Advanced Analytics—Technology and Tools: MapReduce and Hadoop - Data Science and Big Data Analytics

Database Reference

In-Depth Information

Whenever possible, HDFS attempts to store the blocks for a file on different

machines so the map step can operate on each block of a file in parallel. Also, by

default, HDFS creates three copies of each block across the cluster to provide the

necessary redundancy in case of a failure. If a machine fails, HDFS replicates an

accessible copy of the relevant data blocks to another available machine. HDFS

is also rack aware, which means that it distributes the blocks across several

equipment racks to prevent an entire rack failure from causing a data unavailable

event. Additionally, the three copies of each block allow Hadoop some flexibility

in determining which machine to use for the map step on a particular block.
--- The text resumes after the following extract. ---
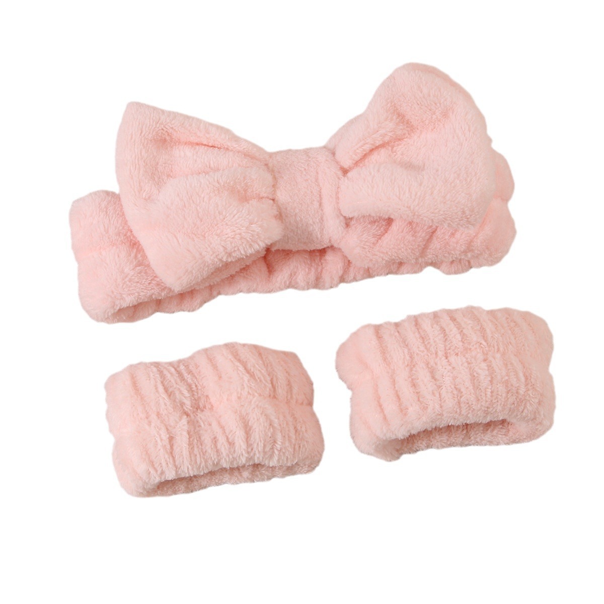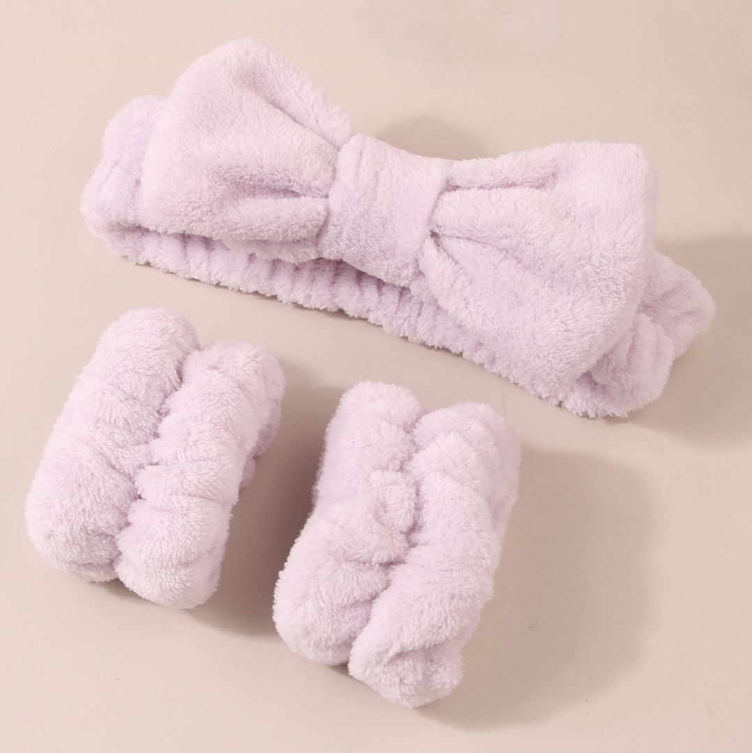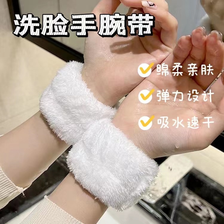 洗脸防湿三件套 珊瑚绒吸水束发带手腕带女士洗漱护肤防打湿工具

For example, an idle or underutilized machine that contains a data block to be

processed can be scheduled to process that data block.

To manage the data access, HDFS utilizes three Java daemons (background

processes): NameNode, DataNode, and Secondary NameNode. Running on a

single machine, the NameNode daemon determines and tracks where the various

blocks of a data file are stored. The DataNode daemon manages the data stored

on each machine. If a client application wants to access a particular file stored in

HDFS, the application contacts the NameNode, and the NameNode provides the

application with the locations of the various blocks for that file. The application

then communicates with the appropriate DataNodes to access the file.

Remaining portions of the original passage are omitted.